Records for this exercise:
--
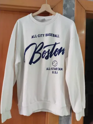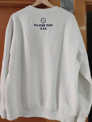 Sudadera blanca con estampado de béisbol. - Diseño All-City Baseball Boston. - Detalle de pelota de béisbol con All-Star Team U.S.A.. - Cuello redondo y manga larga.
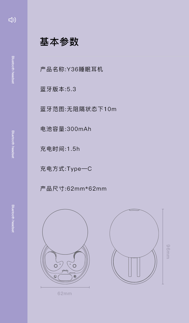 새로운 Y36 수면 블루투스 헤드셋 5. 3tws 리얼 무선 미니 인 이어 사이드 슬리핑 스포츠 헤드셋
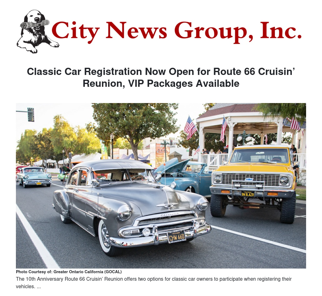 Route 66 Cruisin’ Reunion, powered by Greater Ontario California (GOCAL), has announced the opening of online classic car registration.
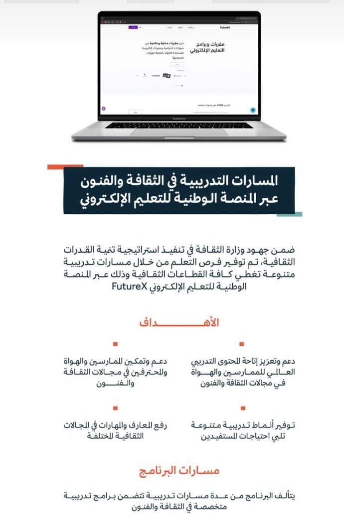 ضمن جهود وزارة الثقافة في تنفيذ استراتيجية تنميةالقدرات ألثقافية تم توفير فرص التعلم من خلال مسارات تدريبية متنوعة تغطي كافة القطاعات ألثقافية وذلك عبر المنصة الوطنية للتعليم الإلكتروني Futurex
--
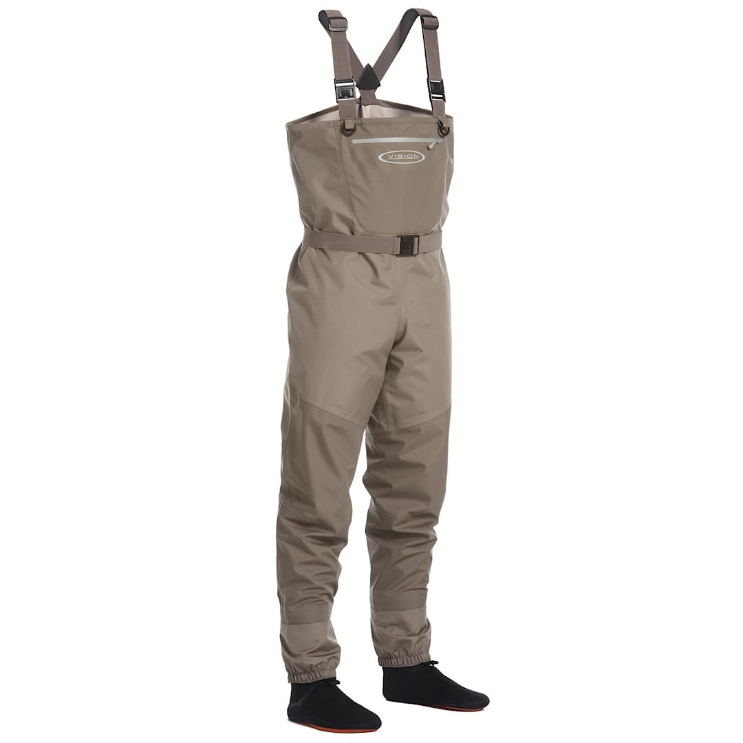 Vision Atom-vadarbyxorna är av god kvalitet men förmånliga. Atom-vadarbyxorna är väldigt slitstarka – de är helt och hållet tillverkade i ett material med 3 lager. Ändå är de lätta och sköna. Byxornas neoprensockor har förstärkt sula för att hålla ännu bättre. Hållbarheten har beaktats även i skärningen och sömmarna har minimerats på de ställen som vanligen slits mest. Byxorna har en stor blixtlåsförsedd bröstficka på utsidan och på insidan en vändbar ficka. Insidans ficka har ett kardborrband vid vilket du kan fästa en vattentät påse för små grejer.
--
The problem: Among the entries above, copy exactly the stretch from the line holding "Sudadera blanca con" through the line holding "새로운 Y36 수면 블루투스", leaving out any pictures.

Task output:
 Sudadera blanca con estampado de béisbol. - Diseño All-City Baseball Boston. - Detalle de pelota de béisbol con All-Star Team U.S.A.. - Cuello redondo y manga larga.
 새로운 Y36 수면 블루투스 헤드셋 5. 3tws 리얼 무선 미니 인 이어 사이드 슬리핑 스포츠 헤드셋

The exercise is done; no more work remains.